The present invention also relates to a system, in particular a communication system, for example a hands-free communication device, such as a telephone, or a voice control system, which system is provided with such an echo canceller, and relates to a method for cancelling an acoustic echo by spectral filtering.
Such an echo canceller embodied by an arrangement for suppressing an interfering component, such as an echo, is known from WO 97/45995. The known echo canceller comprises a signal input carrying a far end signal, and a subtracter audio input for an desired microphone signal which is distorted by the echo. The echo canceller also comprises an echo spectrum estimator, which in one conceivable embodiment indicated by a dotted line in
In addition in case of another known embodiment, wherein the echo spectrum estimator is coupled to an output of the adaptive filter an interdependence arises between a possible slow response of the adaptive filter and the thus delayed input to the echo estimator and between possible errors occurring in the adaptive filter and a proper operation of the spectral subtracting filter. This interdependence has a negative effect on the robustness of the echo cancelling, in particular for non stationary signals, and may lead to poor practical echo cancelling results.

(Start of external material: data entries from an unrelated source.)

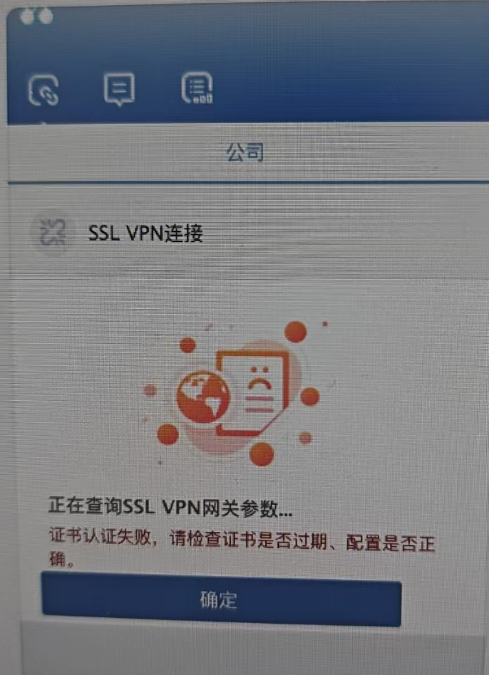 2. **证书域名不匹配**:证书绑定的域名与访问地址不一致。请确认证书的Common Name(CN)或SAN(Subject Alternative Name)包含用户访问的VPN域名。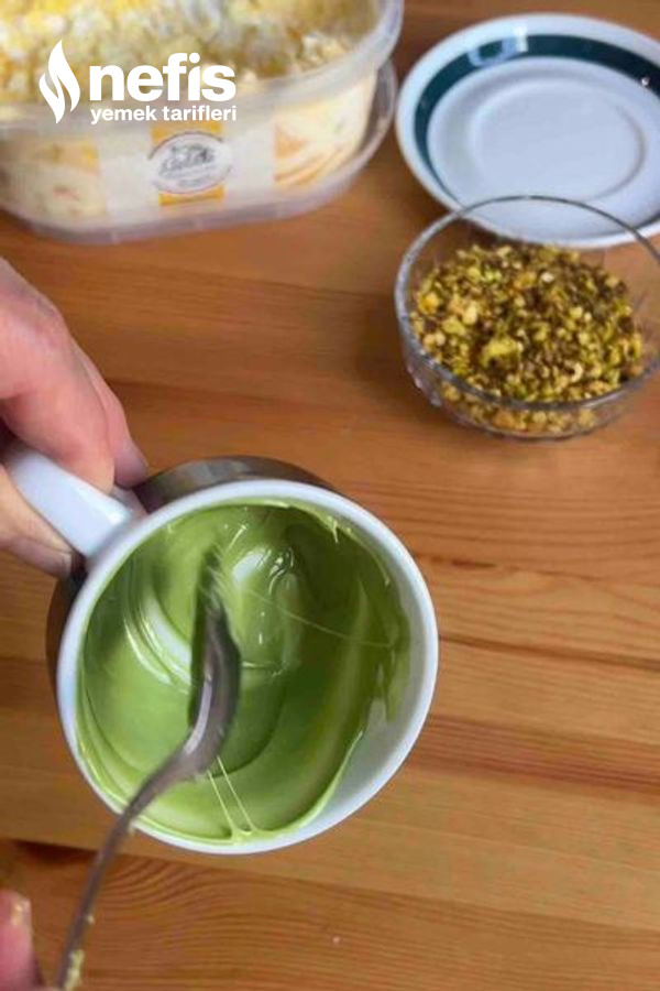 4. Antep fıstık ve ve sosu ile süsleyip servis et.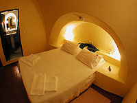 Again, the nature... The nature gave to the ancient Santorinians their houses. Caves, basically, simply adapted and equipped with the minimum needed in order to be hospitable. Plastic lines, curves intercrossing under vaulted ceilings, soft lights and essential decor.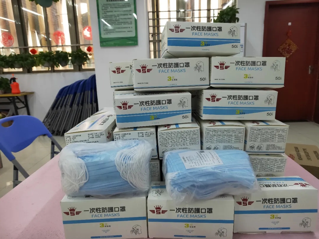 上善服务队为寮步康就中心捐赠的一次性防护口罩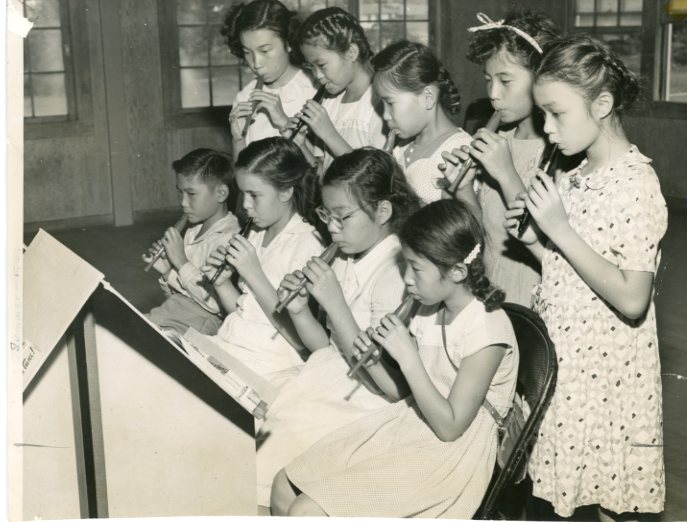 Music students play their recorders, 1946-1949. Left to right - front row - seated students: Kenneth Chong, Lilah Shannon, Evelyn Ho.

Therefore it is an object of the present invention to provide an echo canceller posing less restrictions on the echo tail behavior it is capable to cancel, and to provide an echo canceller which provides a broader practical application area in a robust way.
Thereto the echo canceller according to the invention is characterized in that the echo estimator comprises digital filter means covering a time span of at least a part of the echo to be cancelled.
Similarly the method according to the invention is characterized in that at least a part of the echo is being estimated digitally and then spectrally filtered.
It is an advantage of the echo canceller according to the present invention that the echo estimator calculates at least a tail part of the echo. Echo tail part compensation then takes place by means of spectral filtering. The necessary calculations are however not restricted to a particular decaying course of the room impulse response, such as the exponential decaying course, as any kind of echo tail course may be modelled now. This provides a larger degree of freedom in practical embodiments and broadens the application area of the present echo canceller. Furthermore, either a FIR or an IER digital filter implementation may be used. In addition the digital filter means may be chosen to cover the time span of the whole or a tail part of the echo.
The echo tail part is not cancelled based on information provided by an adaptive filter, if at all present. This increases the reliability and accuracy of the echo canceller according to the invention. In addition the echo tail estimator operates independently, in particular from the adaptive filter, which may be present in the echo canceller according to the invention. Therefore any non ideal behavior of such an adaptive filter is not reflected in the quality of the echo, in particular the echo tail calculations. This leads to an improved robustness of at least the echo tail cancellation by the echo canceller according to the invention.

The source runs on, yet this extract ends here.